The second, in what is presumably a trilogy, surprised me by being a four-act plot as opposed to the standard three-act superhero formula (even if the second act was so weak that it could have been written by Rakesh Roshan). But all-in-all, it was a 3D blockbuster worth your money. Except for the smack-talk that Spidey ironically indulges in. That was terrible.
Coming to the women in the movie, there were two women characters – Gwen Stacy (Emma Stone), the love interest, and Aunt May (Sally Fields), the maternal figure. Just two. They don’t seem to have have any friends or any kind of interaction with other women. In fact, the entire first act, which seemed to have some rather obvious spaces for Spidey’s two main women to talk to each other, felt like someone had carefully arranged for them to not have a conversation. Or maybe it was just my expectation (that the movie would pass the test) that made me see that as a gaping hole.
The movie was so devoid of women characters that Marvel decided to intervene by invoking Jennifer Lawrence, cool girl extraordinaire, in a post-credits sequence, using a clip of her as Mystique from the upcoming X-Men movie, in which she announces that she has parted ways with Erik Lehnsherr (Michael Fassbender), to lead her own team of mutants. (She had left her childhood best friend Charles Xavier in the previous X-Men movie. Traditionally, Mystique has always been second-in-command to one of those two.)

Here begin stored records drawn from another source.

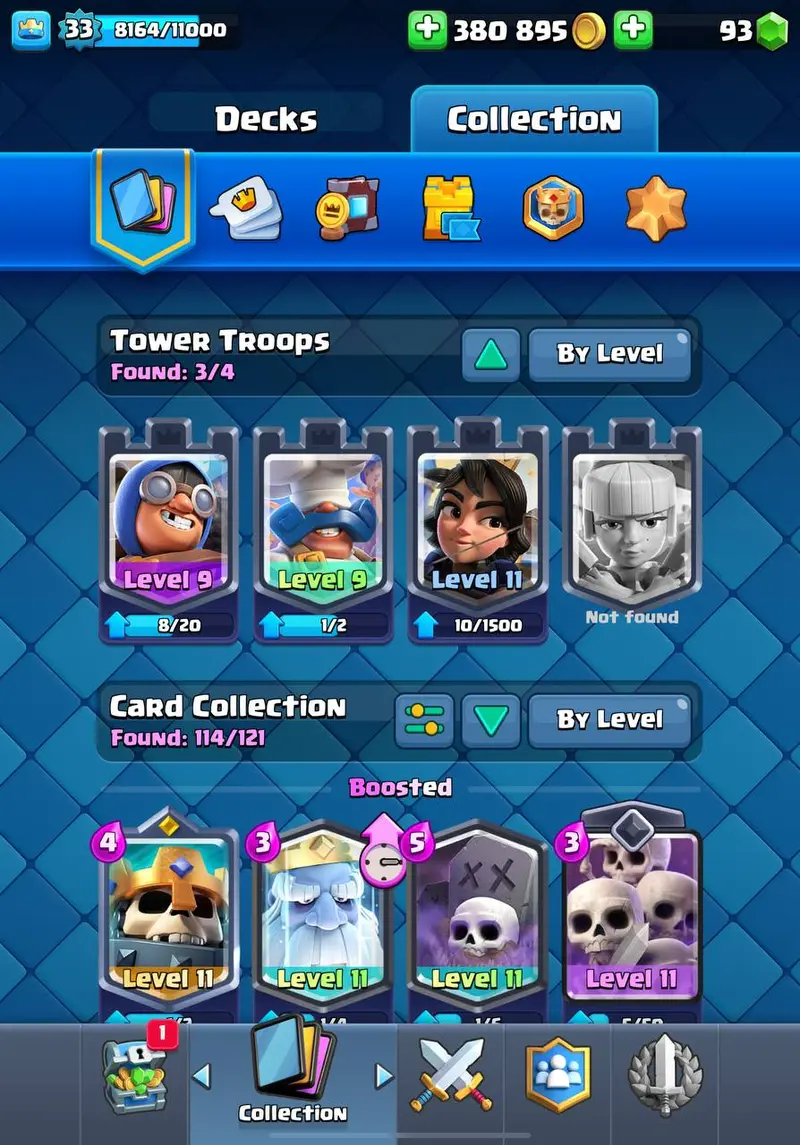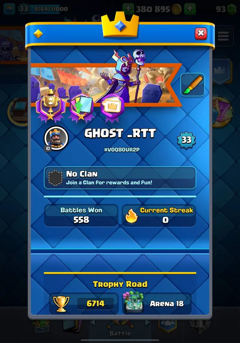 GOOD CARDS 💎 ARENA 18 💎 TROPHY 6714 [] EMOTE 25 [] XP 33 [] FREE RENAME || CARDS 114- AVAILABLE - INSTANT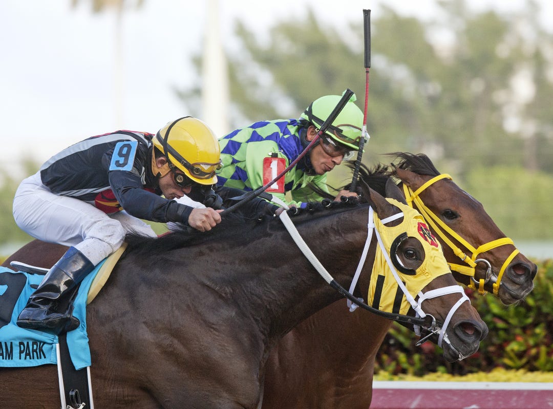HALLANDALE BEACH, Fla. – A year ago, trainer Shug McGaughey won the $400,000 Fountain of Youth Stakes from the rail with Orb. On Saturday, the Hall of Fame horseman will defend that title from the other end of the post-position spectrum after his Top Billing drew post 12 in a bulky field of 13 3-year-olds entered Monday for the Grade 2 Fountain of Youth.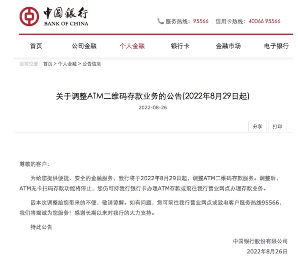 8月15日,中国建设银行也发布了关于停止ATM二维码存款业务的公告。建行称,自2022年8月19日起关闭ATM二维码存款功能,此后建行客户仍可持该行银行卡、选择无卡无折存款服务或开通“刷脸办”服务功能办理ATM存款业务。详见小坊之前的报道(突然宣布:建行停止这项业务!)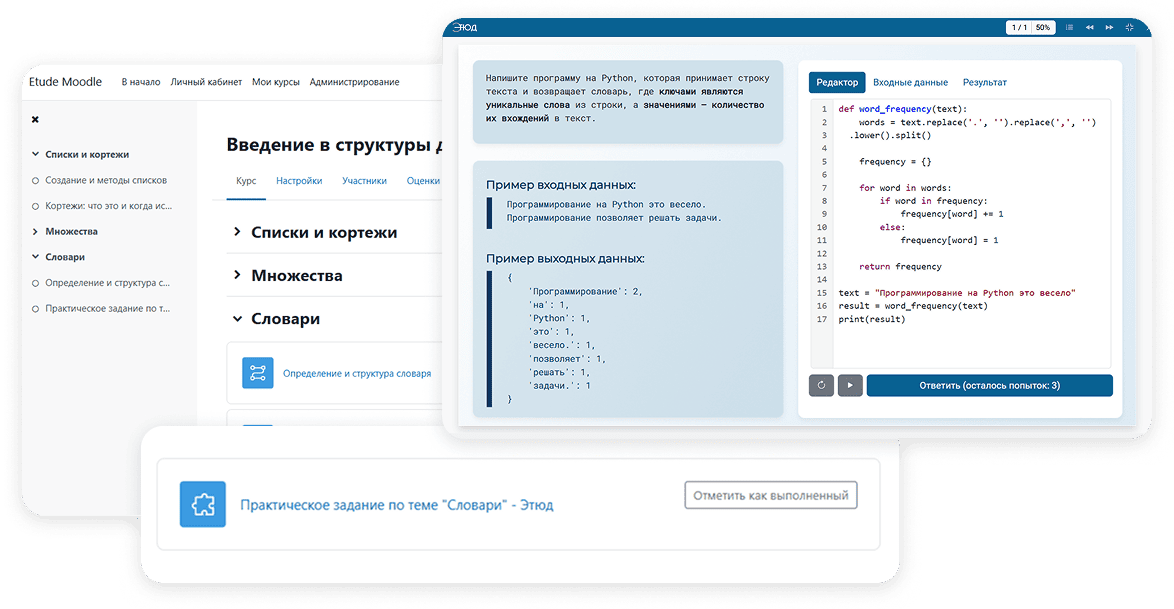 Используете ли вы Moodle, Blackboard или Open edX – Этюд поддерживает работу с ними. Это обеспечивает легкий доступ, бесшовную интеграцию и упрощает административную работу для преподавателей.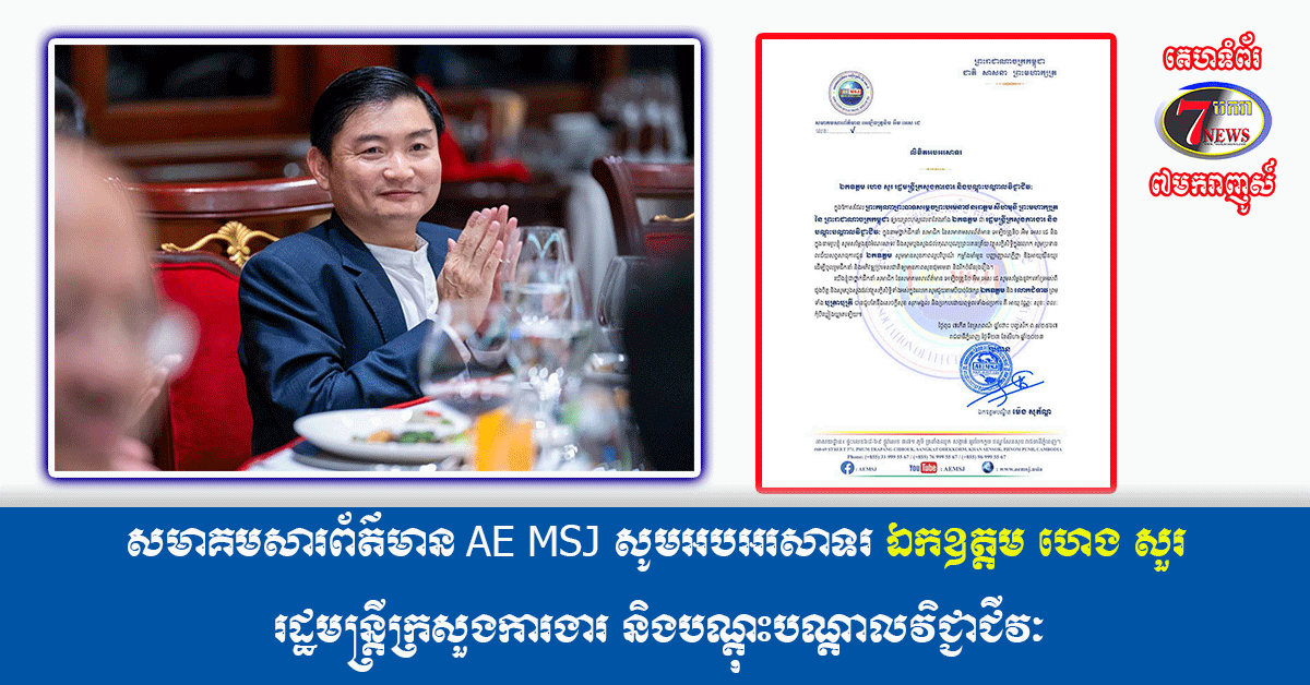 ព័ត៌មានជាតិ ព័ត៌មានថ្មីៗ សមាគមសារព័ត៌មាន AE MSJ សូមអបអរសាទរ ឯកឧត្តម ហេង សួរ រដ្ឋមន្ត្រីក្រសួងការងារ និងបណ្ដុះបណ្ដាលវិជ្ជាជីវៈ 2 years ago adm សមាគមសារព័ត៌មាន AE MSJ សូមអបអរសាទរ ឯកឧត្តម ហេង សួរ រដ្ឋមន្ត្រីក្រសួងការងារ និងបណ្ដុះបណ្ដាលវិជ្ជាជីវៈ Tags: Army cinema consert game music shopping Sport Tourism travel Video war Continue Reading Previous សមាគមសារព័ត៌មាន AE MSJ សូមអបអរសាទរសម្ដេចតេជោ ហ៊ុន សែន ប្រធានក្រុមឧត្តមប្រឹក្សាផ្ទាល់ព្រះមហាក្សត្រ នៃព្រះរាជាណាចក្រកម្ពុជាNext សមាគមសារព័ត៌មាន AE MSJ សូមអបអរសាទរ សូមគោរពជូនសម្តេចក្រឡាហោម ស ខេង ឧត្តមប្រឹក្សាផ្ទាល់ព្រះមហាក្សត្រ នៃព្រះរាជាណាចក្រកម្ពុជា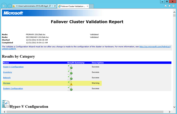 - Assuming you cluster “passed” validation you should have a report that looks similar to mine. You will notice that my report contains “warnings” but no errors. It is important for you to view the report and understand what warnings might be present, but you as long as you understand the warnings and they make sense for your particular environment you can move on. If you validation “failed”, you MUST fix the failures before moving on. Click View Report to view the report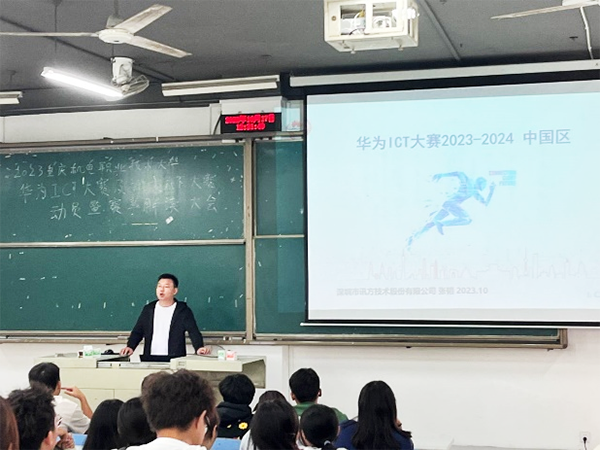 Ezpay技术重庆机电运营中心经理张韬担任此次活动主讲人,介绍华为ICT大赛的赛事构架和目标,赛道规划以及各个赛道的特点和要求,同时讲解中国区整体赛制安排,包括报名流程、初赛、复赛和决赛的时间安排和评分标准等情况,并对实践赛和创新赛的参赛规则进行详细解读,说明实践赛初赛的相关事项。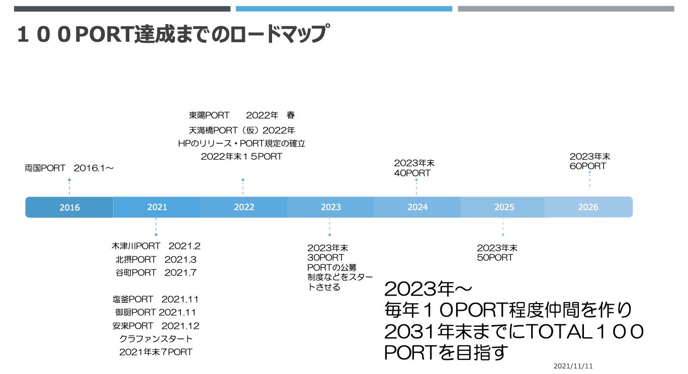 2023年末~2031年 まで毎年 PORT仲間を増やし最終的に100PORTの仲間を作る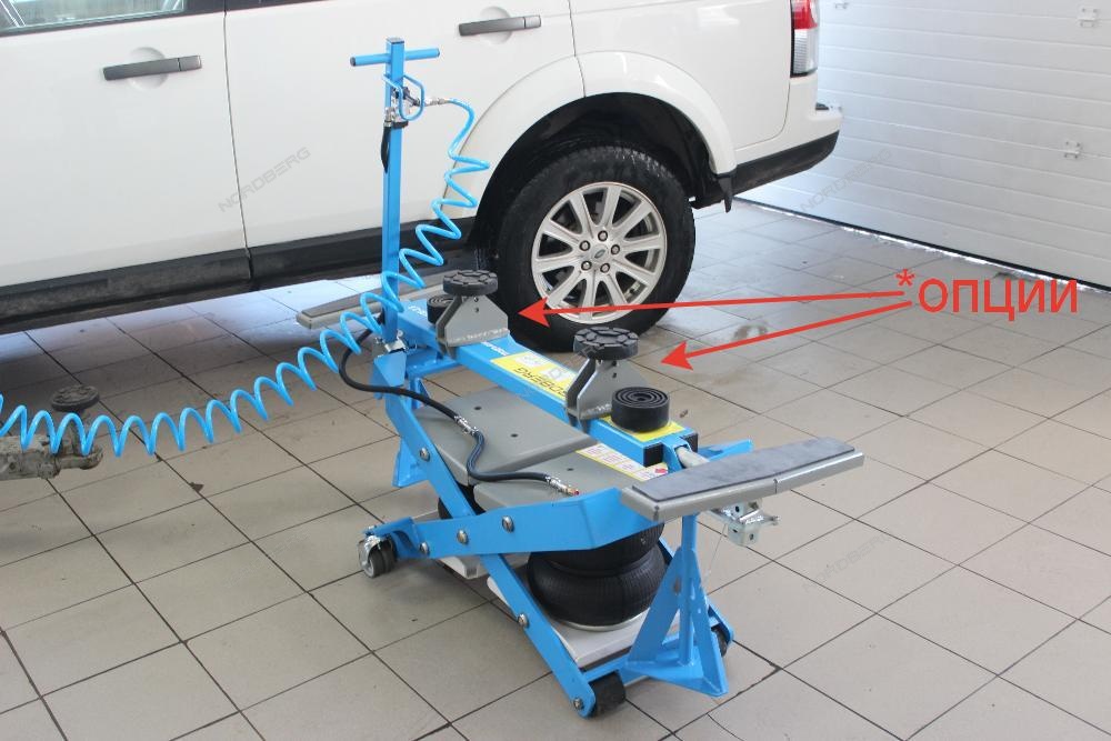 - Возможность подхвата автомобиля как за пороги, так и за несущую раму с использованием специальных адаптеров.

While The Amazing Spider-Man 2 fails the Bechdel Test, Gwen Stacy and Aunt May are written as strong women characters, with their own motivations, strengths and weaknesses. Aunt May is a a nurse, shown in full professional action when things are going awry (she also takes her role as a caregiver to Peter more seriously than Peter is comfortable with). And Gwen Stacy is a scientist, shown to be smarter than Peter. Her character is actually responsible for a crucial battle-winning development in Spidey’s technology. She also makes her own decisions when it comes to risking her career, her heart and her life, as if to say, “So what if I’m not a superhero like you are? I still have an equal right to risk my life to save the city from a baddie who is clearly overpowering you.”
In Gwen’s interactions with Peter, you keep noticing this trend of her stepping up and smacking some sense into him. In their relationship, Peter is not just the superhero who wants to protect her, but also the one who inflicts his emotional issues of being a superhero on her. And she gives it right back to him – there’s a moment when she asks him to deal with his guilt about breaking a promise to her dying father (from the first movie), and she tells him that it is her choice to be a relationship or not with someone, not her father’s. In these moment, it feels like the Emma Stone-Andrew Garfield ship has spilled into the script.
Judging by the growing women-friendliness of the franchise after the first and the second movies, perhaps there’s more than just Mary Jane’s arrival to look forward to in the third one.